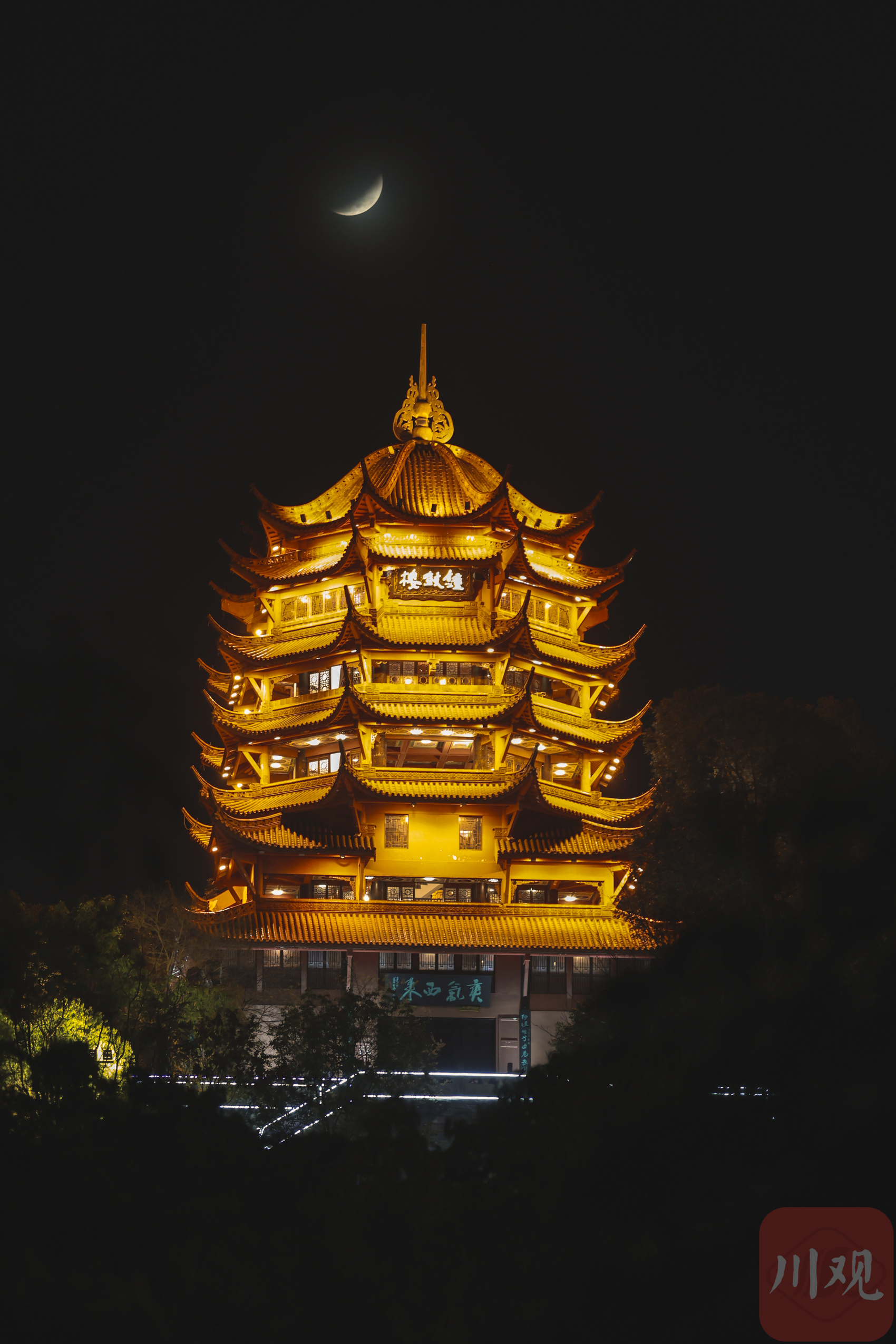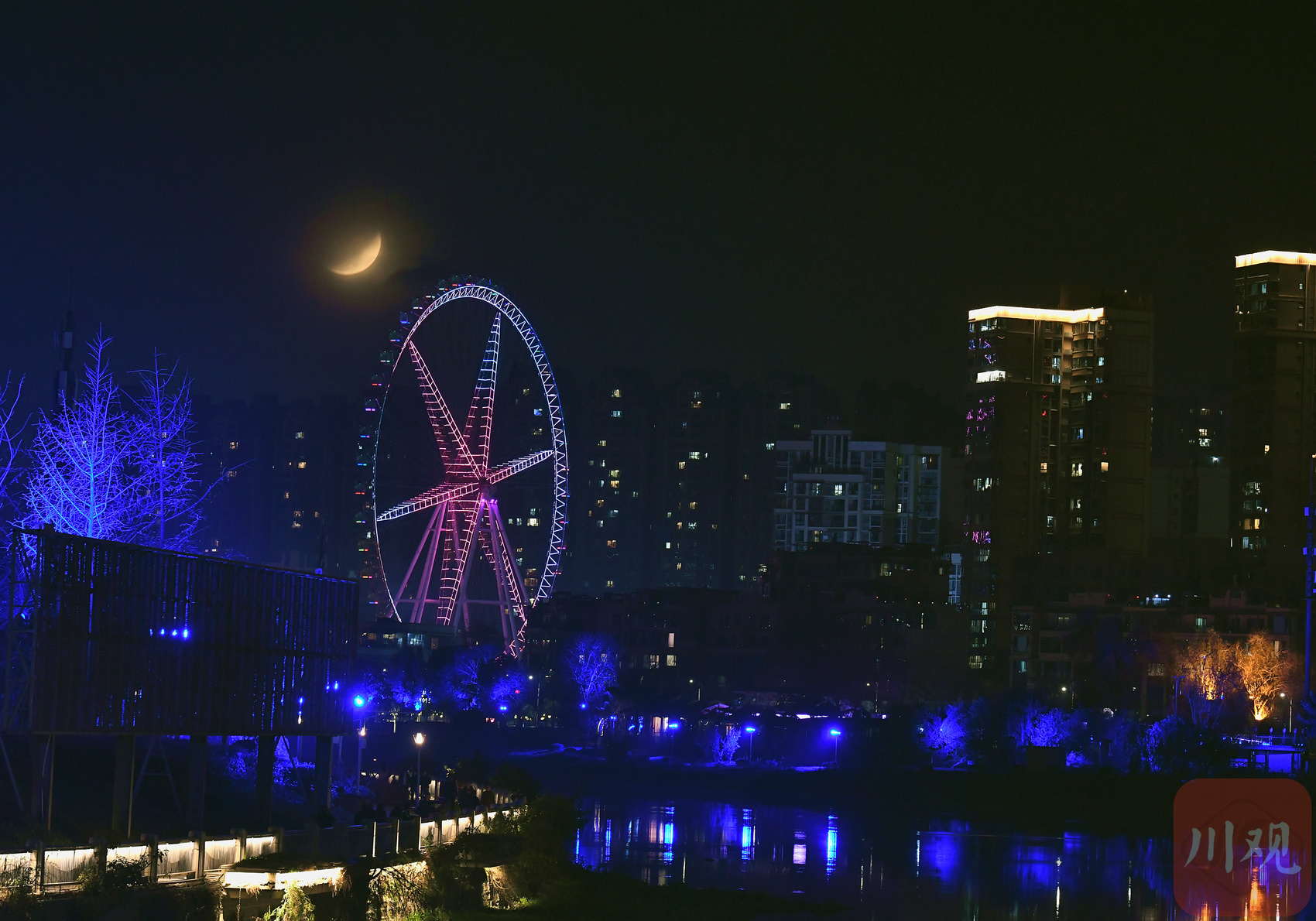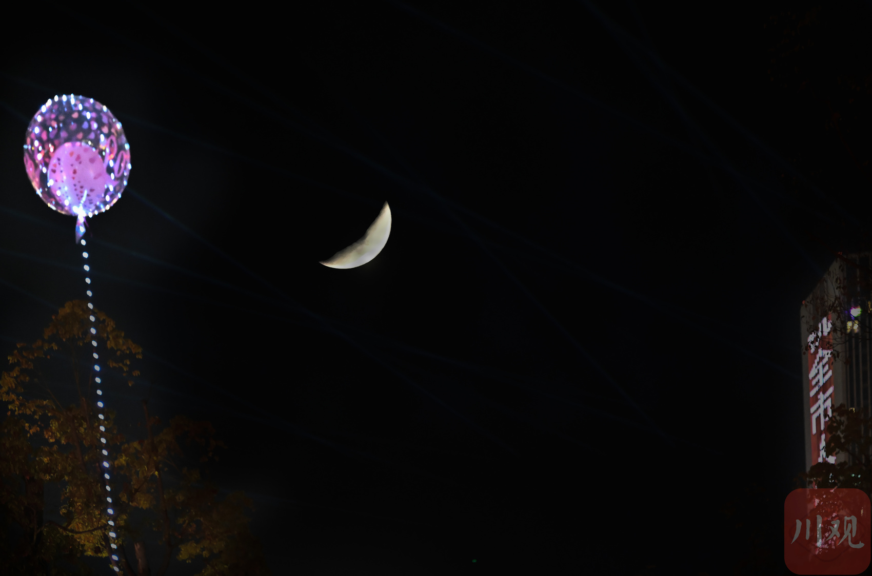 在成都市錦江區(qū),樹影與朦朧月影交織成元宵夜的詩。C視覺簽約攝影師 沈軍
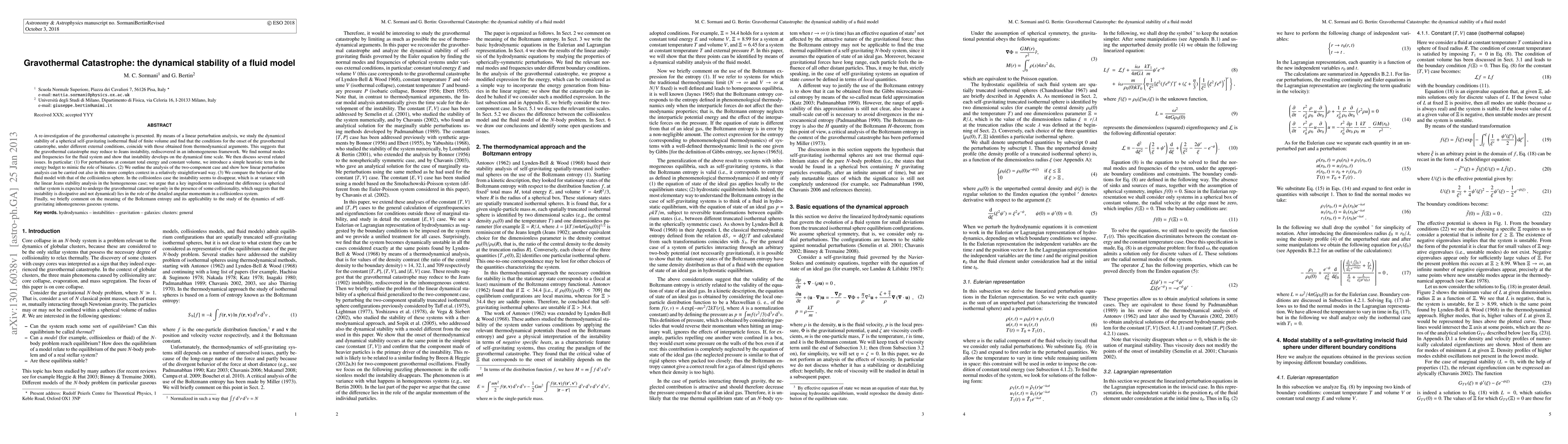 Researchers investigate the gravothermal catastrophe in a fluid model, finding that it coincides with Jeans instability under different external conditions and occurs on a dynamical time scale. They also explore related issues, including binary systems and collisionless spheres.
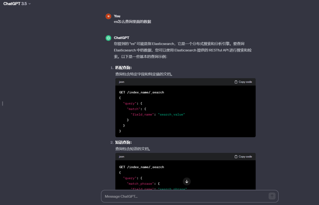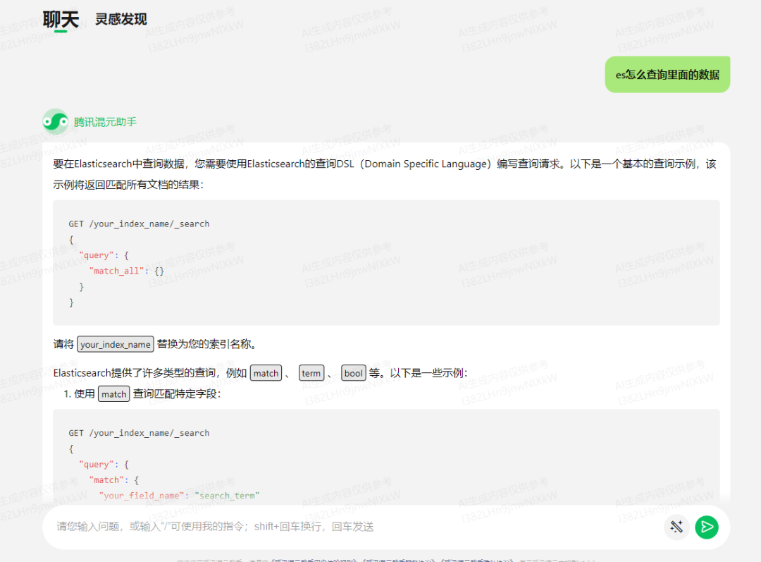 No2:我之前没接触过es,然后最近测的业务需要查里面的数据 ,我就问ai我要怎么查数据:
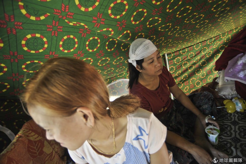 在地震中受傷的傷患也只能在臨時找到的救難中心休息,沒有可以供醫療的醫院可去。圖片來源:Kaung Htet/Getty Images
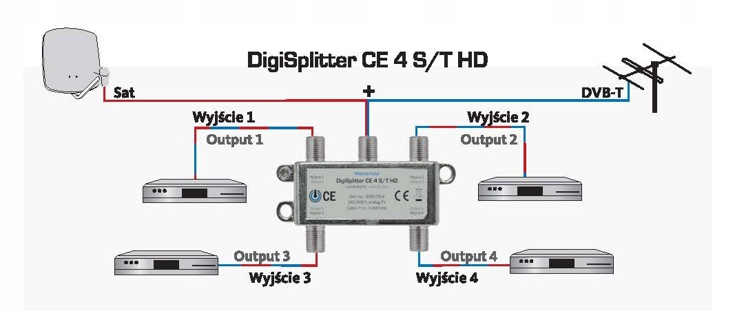 Rozgałęźnik DigiSplitter CE 4 S/T HD umożliwa rozdzielenie sygnału z anteny satelitarnej, naziemnej na 4 odbiorniki. Odbiór sygnału satelitarnego po rozgałęzieniu bedzie zależny, wyjątek stanowią programy o tej samej polaryzacji. Rozdzielenie sygnału telewizji naziemnej oraz kablowej jest całkowicie niezależne.
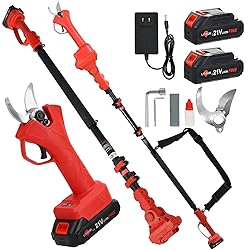 Significant Upgrade: The battery capacity has been substantially increased to 4,000mAh, delivering outstanding battery life. Additionally, we've thoughtfully included a replacement blade to ensure a consistently fresh experience for you 2-in-1 Rotating Telescoping Pole: The telescoping pole can extend from 5 feet to 9 feet, reaching up to 15 feet when held by a user who is 6 feet tall, allowing you to trim both high and low areas without the need for a ladder; the hedge trimmer head features an 180° rotation button, which allows you to adjust the trimming angle as needed High-Efficiency Cordless Pruner: The electric pruning shear is equipped with a powerful 1300w brushless motor. It comes with 2 rechargeable 21V 2000mAh lithium-ion batteries, providing ultra-long standby time and allowing for 6-8 hours of continuous use on a full charge. (Note: If not used for a long time, please charge the batteries once every 2-3 months to maintain their activity Safe Operation: To start the machine when you turn on the power switch, you need to quickly pull the trigger twice (you will hear a "beep" sound). Please note that if you pull the trigger slowly, the safety switch will not activate. If the trigger is not pressed within 60 seconds, the pruning shear will enter automatic sleep mode to prevent accidental cutting. Pressing the trigger twice will restart the tree branch cutter Maximum Cutting Diameter of 30mm (1.2 Inch): The blade of the cordless tree pruner is forged from SK5 high-carbon steel, which is sharp and rust-resistant. It allows for quick, clean, and flat trimming without damaging the branches, capable of cutting branches up to 1.2 inch/30mm in diameter Comprehensive Accessories: Our electric pruning shear set includes: Rotating Telescoping Pole, 2*21V2000mAh Battery, Battery Charger, User Manual,Electric Pruning Shears,Lubricating oil,Whetstone,Protective tape, Hex wrench
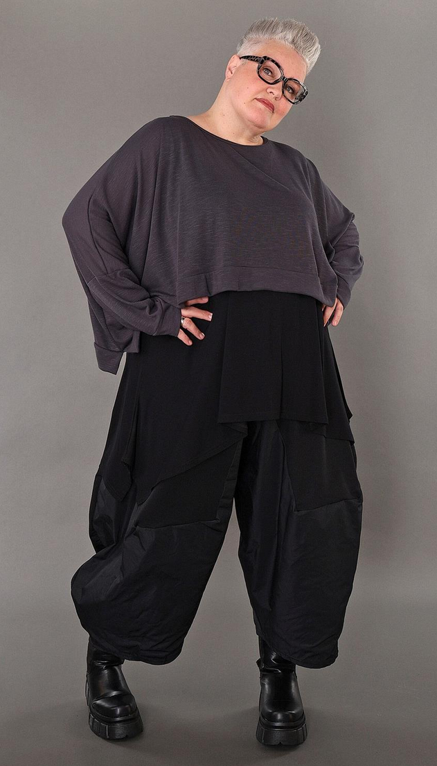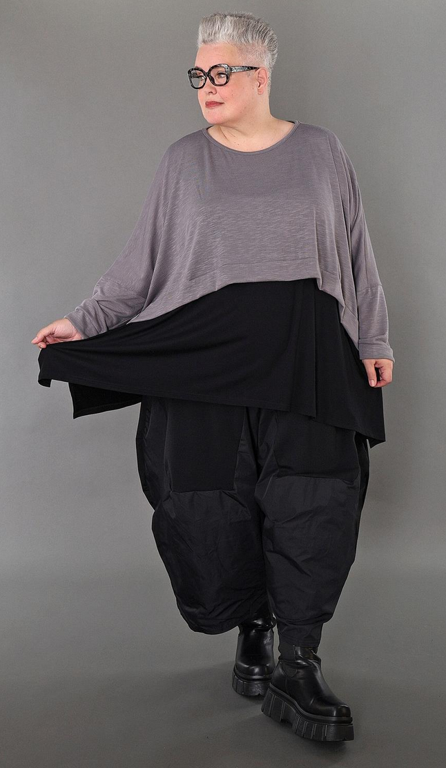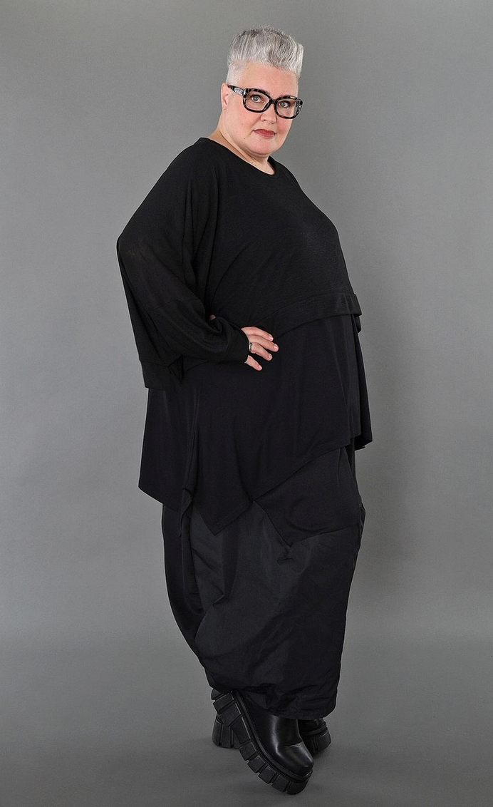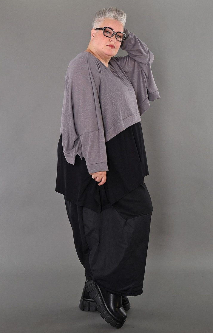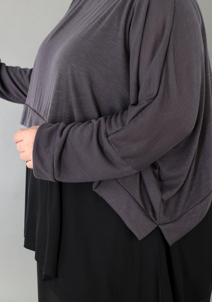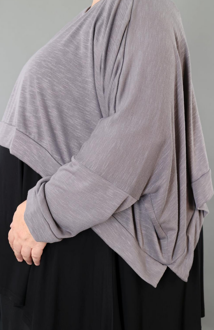 Übergangs Überwurf in kastiger Form aus weicher Feinstrick Qualität. Einheitsgröße, tragbar bis EU-Größe 64, wird gern auch von Kundinnen mit kleineren Größen oversized bzw. locker, leger getragen.

=======

How to complete this task >> Would you reproduce the lines above exactly, without carrying over the pictures?

Written reply >>
 在成都市錦江區(qū),樹影與朦朧月影交織成元宵夜的詩。C視覺簽約攝影師 沈軍
 Researchers investigate the gravothermal catastrophe in a fluid model, finding that it coincides with Jeans instability under different external conditions and occurs on a dynamical time scale. They also explore related issues, including binary systems and collisionless spheres.
 No2:我之前没接触过es,然后最近测的业务需要查里面的数据 ,我就问ai我要怎么查数据:
 在地震中受傷的傷患也只能在臨時找到的救難中心休息,沒有可以供醫療的醫院可去。圖片來源:Kaung Htet/Getty Images
 Rozgałęźnik DigiSplitter CE 4 S/T HD umożliwa rozdzielenie sygnału z anteny satelitarnej, naziemnej na 4 odbiorniki. Odbiór sygnału satelitarnego po rozgałęzieniu bedzie zależny, wyjątek stanowią programy o tej samej polaryzacji. Rozdzielenie sygnału telewizji naziemnej oraz kablowej jest całkowicie niezależne.
 Significant Upgrade: The battery capacity has been substantially increased to 4,000mAh, delivering outstanding battery life. Additionally, we've thoughtfully included a replacement blade to ensure a consistently fresh experience for you 2-in-1 Rotating Telescoping Pole: The telescoping pole can extend from 5 feet to 9 feet, reaching up to 15 feet when held by a user who is 6 feet tall, allowing you to trim both high and low areas without the need for a ladder; the hedge trimmer head features an 180° rotation button, which allows you to adjust the trimming angle as needed High-Efficiency Cordless Pruner: The electric pruning shear is equipped with a powerful 1300w brushless motor. It comes with 2 rechargeable 21V 2000mAh lithium-ion batteries, providing ultra-long standby time and allowing for 6-8 hours of continuous use on a full charge. (Note: If not used for a long time, please charge the batteries once every 2-3 months to maintain their activity Safe Operation: To start the machine when you turn on the power switch, you need to quickly pull the trigger twice (you will hear a "beep" sound). Please note that if you pull the trigger slowly, the safety switch will not activate. If the trigger is not pressed within 60 seconds, the pruning shear will enter automatic sleep mode to prevent accidental cutting. Pressing the trigger twice will restart the tree branch cutter Maximum Cutting Diameter of 30mm (1.2 Inch): The blade of the cordless tree pruner is forged from SK5 high-carbon steel, which is sharp and rust-resistant. It allows for quick, clean, and flat trimming without damaging the branches, capable of cutting branches up to 1.2 inch/30mm in diameter Comprehensive Accessories: Our electric pruning shear set includes: Rotating Telescoping Pole, 2*21V2000mAh Battery, Battery Charger, User Manual,Electric Pruning Shears,Lubricating oil,Whetstone,Protective tape, Hex wrench
 Übergangs Überwurf in kastiger Form aus weicher Feinstrick Qualität. Einheitsgröße, tragbar bis EU-Größe 64, wird gern auch von Kundinnen mit kleineren Größen oversized bzw. locker, leger getragen.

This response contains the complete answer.